0, Virgil sang of arms and men,

      “Aeneid” was the name;

The hero was Aeneas,

and his travels were the theme.

The poem took twelve books to trace a trip

from Troy to Rome

Along the way fair Dido

gave him respite from the foam.

Our epic sings of law and men

(In combat much the same);

Our hero’s name is Kenison,

and cases are the game.

We also travel, but through years —

our hero stayed at home.

His Dido’s named Loretta

’twas good reason not to roam!



(1946 – 1951)


We open up in ‘Forty-six,

with his appointment made

(The game of naming judges then

was not so roughly played)

Our man quite promptly showed his thanks

to those who put him there,

By holding that election ads

must have rates fair and square.1

He struck a blow for property

and did away with “straws”,2

But ruled against cheap cigarettes

(our hero smoked cigars).3

On cause of scrotal hernia

he pondered and he mused,4

While Peeping Toms who sang their songs,

did not have rights abused.5


1.   Chronicle & Gazette Publ. Co. Inc. v. Attorney General, 94 N.H. 148 (1946), upholding a statute limiting political ad­vertising rates to those no higher than regular commercial rates.

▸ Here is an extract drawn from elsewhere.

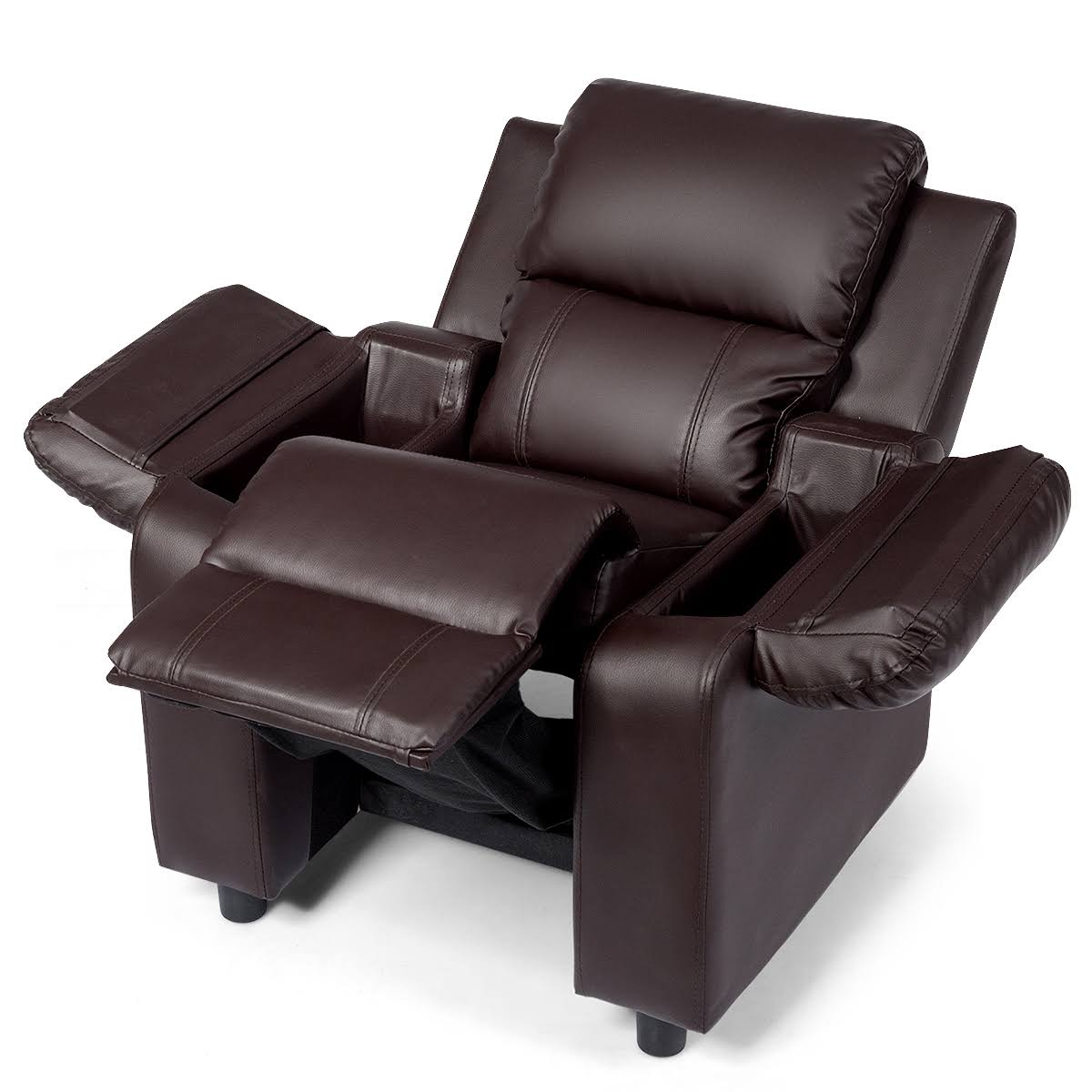 Costway PU Leather Kids Recliner with Armrest Headrest Lounge Beige EY3L_AJS141

2.   Therrien v. Therrien, 94 N.H. 66 (1946), holding that a woman could directly convey her property to herself and her husband jointly, without first deeding out to a third party.

3.   McIntire & Borofsky, 95 N.H. 174 (1948), upholding a stat­ute prohibiting the advertising and sale of cigarettes below cost.

4.   Rivard v. I. F. McElwain, 95 N.H. 100 (1948), ruling that death caused by strangulated hernia was compensated under the Workmen’s Compensation Law. “Men, like machines, may suddenly break down.”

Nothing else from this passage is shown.